Records provided: Begin
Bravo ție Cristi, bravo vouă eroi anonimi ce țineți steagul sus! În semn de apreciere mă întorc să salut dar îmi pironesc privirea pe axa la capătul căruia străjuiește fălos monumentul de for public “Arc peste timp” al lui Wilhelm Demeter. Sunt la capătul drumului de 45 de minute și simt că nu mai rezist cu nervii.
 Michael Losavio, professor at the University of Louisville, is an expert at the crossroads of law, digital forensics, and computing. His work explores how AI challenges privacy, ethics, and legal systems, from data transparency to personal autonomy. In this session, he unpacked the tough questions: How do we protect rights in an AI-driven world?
Records provided: End
Records provided: Begin
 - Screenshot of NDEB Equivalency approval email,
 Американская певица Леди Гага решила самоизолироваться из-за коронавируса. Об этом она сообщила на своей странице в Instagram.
Records provided: End
Records provided: Begin
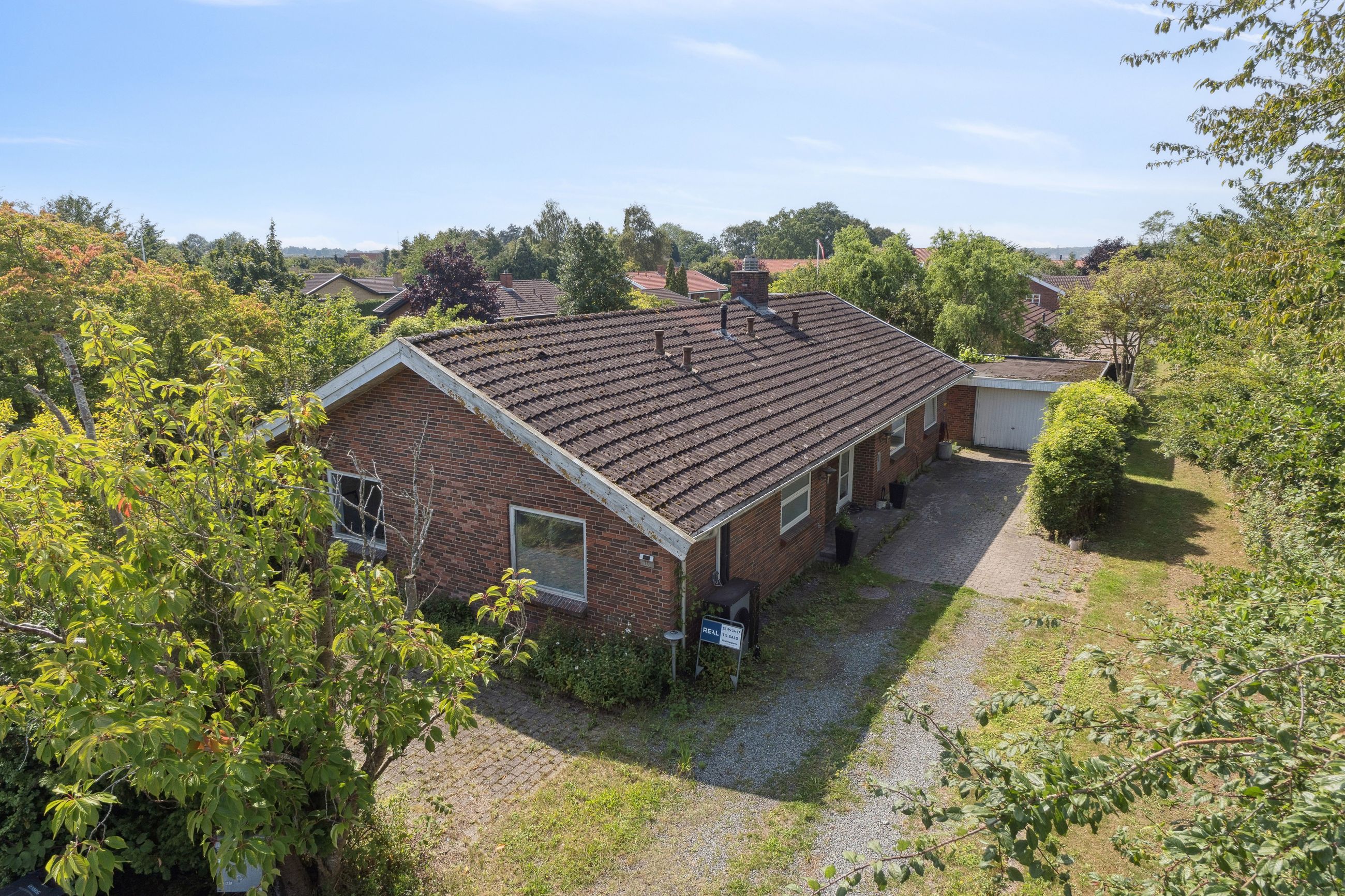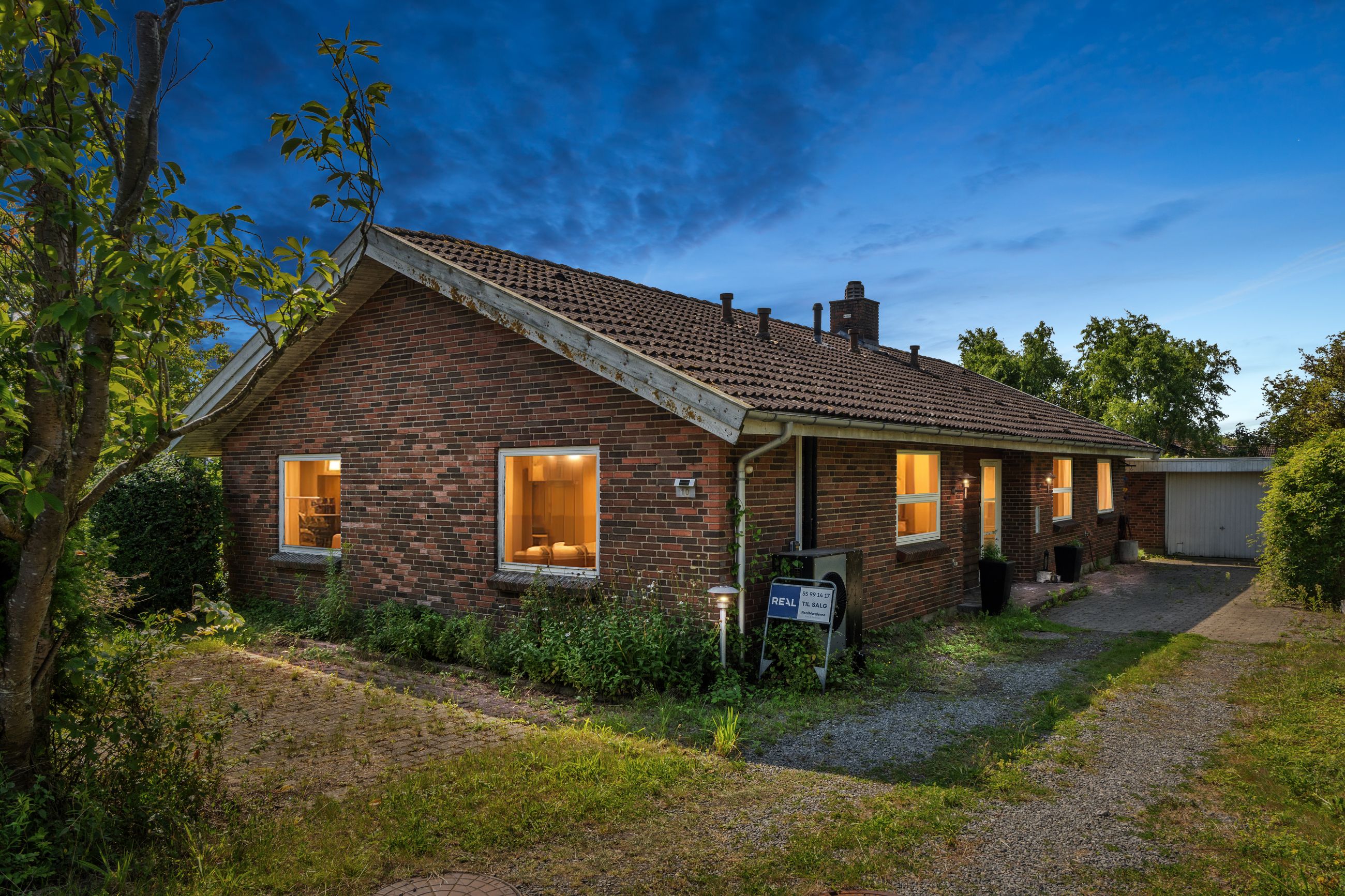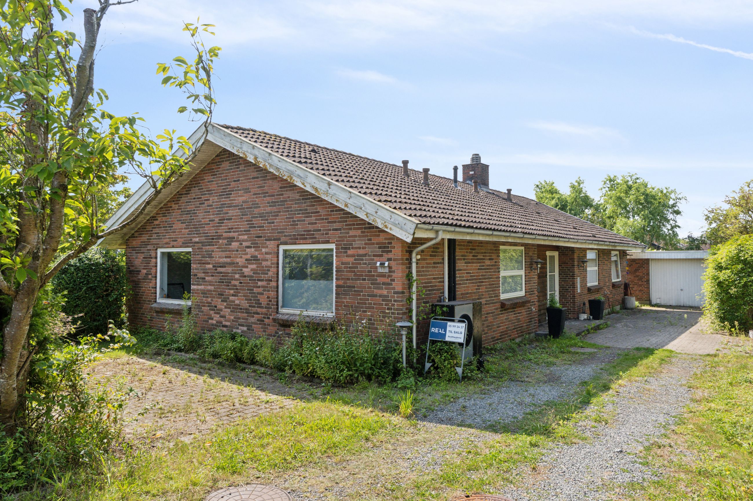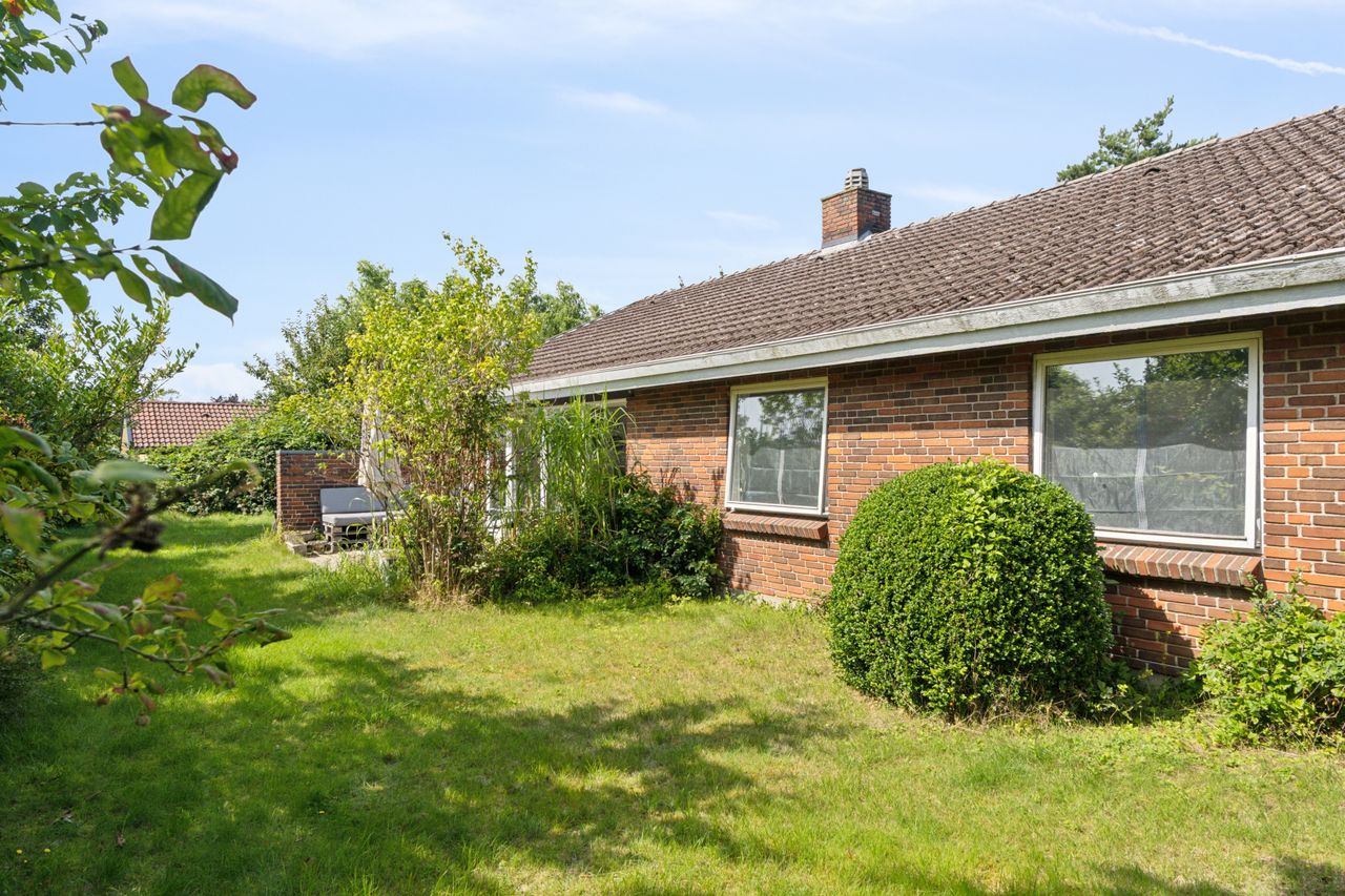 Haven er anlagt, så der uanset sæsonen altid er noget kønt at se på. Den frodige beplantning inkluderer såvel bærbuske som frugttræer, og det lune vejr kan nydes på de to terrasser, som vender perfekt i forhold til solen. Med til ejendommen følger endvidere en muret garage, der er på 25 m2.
Records provided: End
Action item -
Above are the entries. Quote exactly the lines from the one bearing "- Screenshot of" through the one bearing "Американская певица Леди".

Final answer -
 - Screenshot of NDEB Equivalency approval email,
 Американская певица Леди Гага решила самоизолироваться из-за коронавируса. Об этом она сообщила на своей странице в Instagram.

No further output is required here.